Directions
When you transcribe the listing, keep each line exact and drop the pictures.

Data extract

*** Begin section ***

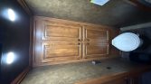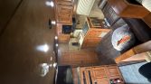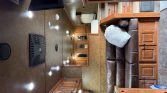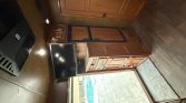 Bathroom / shower / kitchen sink / stove / microwave / fridge / AC & Heat / queen mattress up top and couch that folds into bed
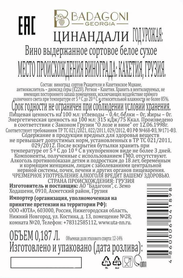 Вино Badagoni Tsinandali белое сухое, 0,187 л изготовлено из отборных плодов мцване и ркацители. Выращенные в грузинской Кахетии спелые ягоды собирают ручным способом в период полной зрелости и бережно удаляют стебли. После этого виноград аккуратно прессуют в резервуарах из стали и подвергают контролируемой ферментации в соответствии с традиционными рецептами виноделия. В результате напиток приобретает красивый золотисто-соломенный цвет и изящный цветочно-фруктовый ароматический букет. В его округлом вкусе звучит свежесть фруктов в сопровождении пикантной интенсивной кислинки. Чтобы в полной мере оценить вкусовые и ароматические характеристики благородного напитка, его рекомендуется подавать к столу, предварительно охладив до температуры около 12 C. Вино станет удачным вариантом легкого аперитива и составит хорошее сочетание с приготовленной на гриле или на пару рыбой, морепродуктами, пастой под разнообразными соусами, сырным ассорти.
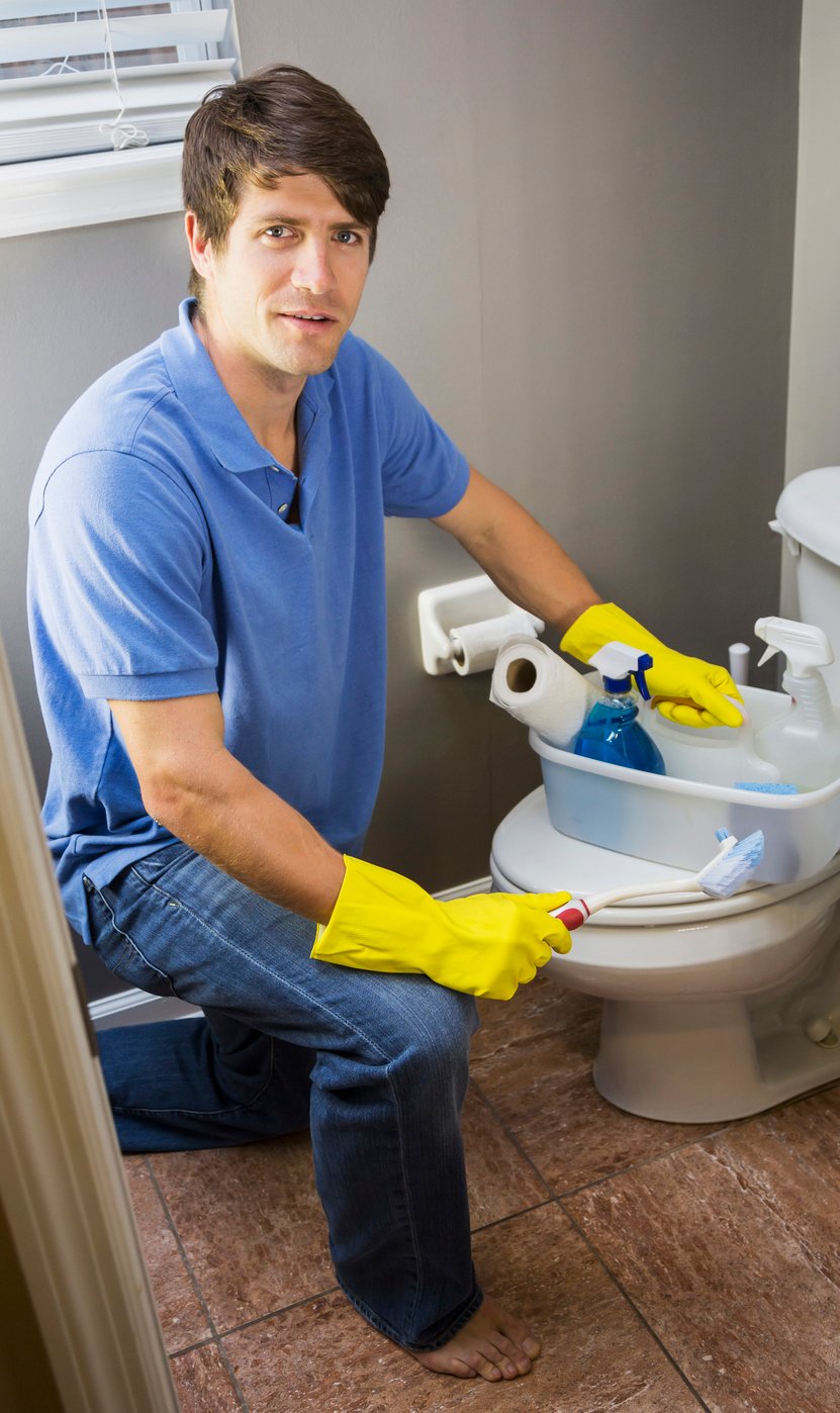 Bruk en toalettbørste til å børste godt rundt med nedi doen, før skylling.
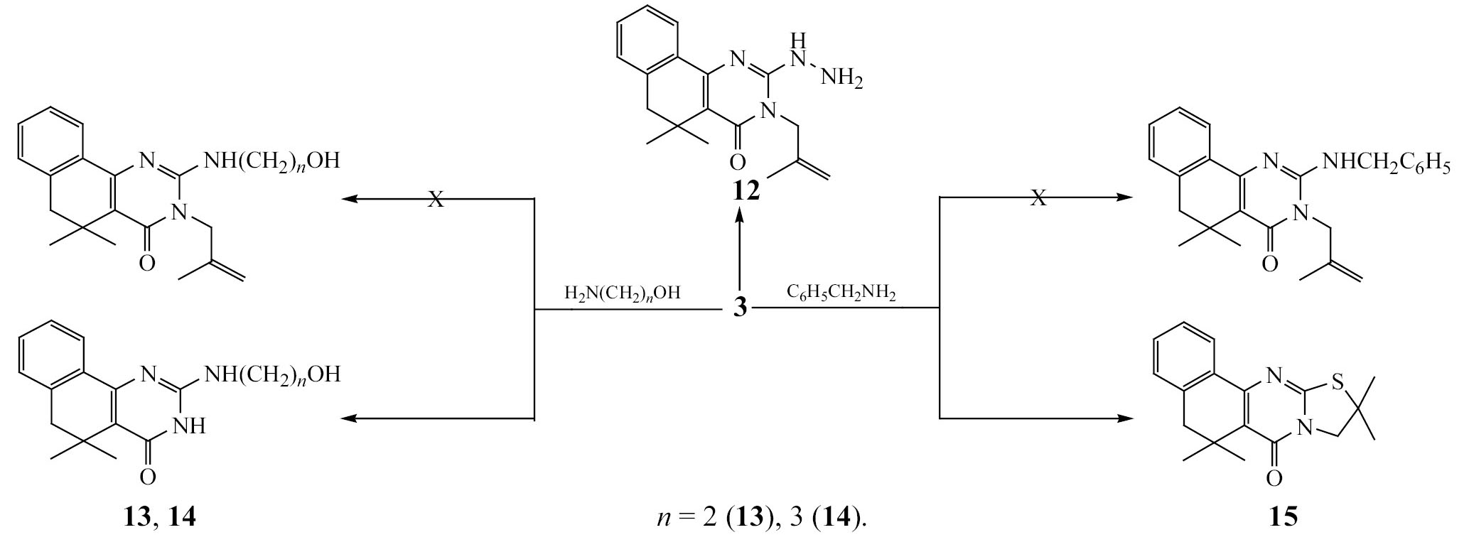 Взаимодействие тиоксобензохиназолина 3 с аминосоединениями в избытке гидразина завершается в течение 4 ч образованием 2-гидразинил-5,5-диметил-3-(2-метилаллил)-5,6-дигидробензо[h]хиназолин-4(3H)-она 12 с выходом 88% (схема 2). Аналогичные реакции тиоксобензохиназолина 3 с 2-этаноламином и 3-пропаноламином при температуре кипения последних протекали аномально. Вместо ожидаемых 2-(2-гидроксиэтил)амино-3-(2-метилаллил)-5,5-диметил-5,6-дигидробензо[h]хиназолин-4(3H)-она и 2-(3-гидроксипропил)амино-3-(2-метилаллил)-5,5-диметил-5,6-дигидробензо[h]хиназолин-4(3H)-она были получены продукты расщепления – 2-(2-гидроксиэтил)амино-5,5-диметил-5,6-дигидробензо[h]хиназолин-4(3H)-он 13 без 2-метилаллильных групп. Соединение 13 нами было получено также ранее конденсацией 5,5-диметил-2-тиоксо-2,3,5,6-тетрагидробензо[h]хиназолин-4(1H)-она с 2-этаноламином [20], 2-(3-гидроксипропил)амино-5,5-диметил-5,6-дигидробензо[h]хиназолин-4(3H)-он 14 получен в настоящей работе впервые. В результате взаимодействия соединения 3 с избытком бензиламина при температуре кипения последнего вместо ожидаемого 2-бензиламино-3-(2-метилаллил)-5,5-диметил-5,6-дигидробензо[h]хиназолин-4(3H)-она был получен продукт внутримолекулярной циклизации исходного тиоксобензохиназолина – 6,6,10,10-тетраметил-9,10-дигидро-5H-бензо[h]тиазоло[2,3-b]хиназолин-7(6H)-он 15 (схема 2). В масс-спектре соединения 15 масса молекулярного иона соответствует рассчитанному.

*** End section ***

Written response
 Bathroom / shower / kitchen sink / stove / microwave / fridge / AC & Heat / queen mattress up top and couch that folds into bed
 Вино Badagoni Tsinandali белое сухое, 0,187 л изготовлено из отборных плодов мцване и ркацители. Выращенные в грузинской Кахетии спелые ягоды собирают ручным способом в период полной зрелости и бережно удаляют стебли. После этого виноград аккуратно прессуют в резервуарах из стали и подвергают контролируемой ферментации в соответствии с традиционными рецептами виноделия. В результате напиток приобретает красивый золотисто-соломенный цвет и изящный цветочно-фруктовый ароматический букет. В его округлом вкусе звучит свежесть фруктов в сопровождении пикантной интенсивной кислинки. Чтобы в полной мере оценить вкусовые и ароматические характеристики благородного напитка, его рекомендуется подавать к столу, предварительно охладив до температуры около 12 C. Вино станет удачным вариантом легкого аперитива и составит хорошее сочетание с приготовленной на гриле или на пару рыбой, морепродуктами, пастой под разнообразными соусами, сырным ассорти.
 Bruk en toalettbørste til å børste godt rundt med nedi doen, før skylling.
 Взаимодействие тиоксобензохиназолина 3 с аминосоединениями в избытке гидразина завершается в течение 4 ч образованием 2-гидразинил-5,5-диметил-3-(2-метилаллил)-5,6-дигидробензо[h]хиназолин-4(3H)-она 12 с выходом 88% (схема 2). Аналогичные реакции тиоксобензохиназолина 3 с 2-этаноламином и 3-пропаноламином при температуре кипения последних протекали аномально. Вместо ожидаемых 2-(2-гидроксиэтил)амино-3-(2-метилаллил)-5,5-диметил-5,6-дигидробензо[h]хиназолин-4(3H)-она и 2-(3-гидроксипропил)амино-3-(2-метилаллил)-5,5-диметил-5,6-дигидробензо[h]хиназолин-4(3H)-она были получены продукты расщепления – 2-(2-гидроксиэтил)амино-5,5-диметил-5,6-дигидробензо[h]хиназолин-4(3H)-он 13 без 2-метилаллильных групп. Соединение 13 нами было получено также ранее конденсацией 5,5-диметил-2-тиоксо-2,3,5,6-тетрагидробензо[h]хиназолин-4(1H)-она с 2-этаноламином [20], 2-(3-гидроксипропил)амино-5,5-диметил-5,6-дигидробензо[h]хиназолин-4(3H)-он 14 получен в настоящей работе впервые. В результате взаимодействия соединения 3 с избытком бензиламина при температуре кипения последнего вместо ожидаемого 2-бензиламино-3-(2-метилаллил)-5,5-диметил-5,6-дигидробензо[h]хиназолин-4(3H)-она был получен продукт внутримолекулярной циклизации исходного тиоксобензохиназолина – 6,6,10,10-тетраметил-9,10-дигидро-5H-бензо[h]тиазоло[2,3-b]хиназолин-7(6H)-он 15 (схема 2). В масс-спектре соединения 15 масса молекулярного иона соответствует рассчитанному.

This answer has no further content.